_EXERCISE OBJECTIVE_
Beneath this instruction is a listing; print exactly the lines in it starting at the line that contains "NHK「みんなで筋肉体操」が" and going through the line that contains "manus人工智能,Manu".

_INFORMATION_
------

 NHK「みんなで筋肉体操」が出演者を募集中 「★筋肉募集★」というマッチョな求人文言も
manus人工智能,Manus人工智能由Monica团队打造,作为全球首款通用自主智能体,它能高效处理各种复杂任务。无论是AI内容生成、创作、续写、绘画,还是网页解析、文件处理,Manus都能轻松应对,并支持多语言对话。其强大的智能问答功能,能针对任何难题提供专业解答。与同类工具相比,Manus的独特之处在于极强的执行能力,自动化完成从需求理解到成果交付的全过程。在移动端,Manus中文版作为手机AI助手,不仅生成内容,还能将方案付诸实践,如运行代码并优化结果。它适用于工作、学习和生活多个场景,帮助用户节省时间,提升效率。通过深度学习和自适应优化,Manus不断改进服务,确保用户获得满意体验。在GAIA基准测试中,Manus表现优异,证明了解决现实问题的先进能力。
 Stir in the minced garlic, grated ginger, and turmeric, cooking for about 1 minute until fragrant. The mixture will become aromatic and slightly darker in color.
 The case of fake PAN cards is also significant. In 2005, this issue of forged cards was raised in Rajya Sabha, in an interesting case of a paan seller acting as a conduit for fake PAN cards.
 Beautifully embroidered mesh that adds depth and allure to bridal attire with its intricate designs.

------

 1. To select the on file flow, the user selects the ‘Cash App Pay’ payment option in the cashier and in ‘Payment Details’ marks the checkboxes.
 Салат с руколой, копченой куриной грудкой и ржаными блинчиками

------

_TASK ANSWER_
 NHK「みんなで筋肉体操」が出演者を募集中 「★筋肉募集★」というマッチョな求人文言も
manus人工智能,Manus人工智能由Monica团队打造,作为全球首款通用自主智能体,它能高效处理各种复杂任务。无论是AI内容生成、创作、续写、绘画,还是网页解析、文件处理,Manus都能轻松应对,并支持多语言对话。其强大的智能问答功能,能针对任何难题提供专业解答。与同类工具相比,Manus的独特之处在于极强的执行能力,自动化完成从需求理解到成果交付的全过程。在移动端,Manus中文版作为手机AI助手,不仅生成内容,还能将方案付诸实践,如运行代码并优化结果。它适用于工作、学习和生活多个场景,帮助用户节省时间,提升效率。通过深度学习和自适应优化,Manus不断改进服务,确保用户获得满意体验。在GAIA基准测试中,Manus表现优异,证明了解决现实问题的先进能力。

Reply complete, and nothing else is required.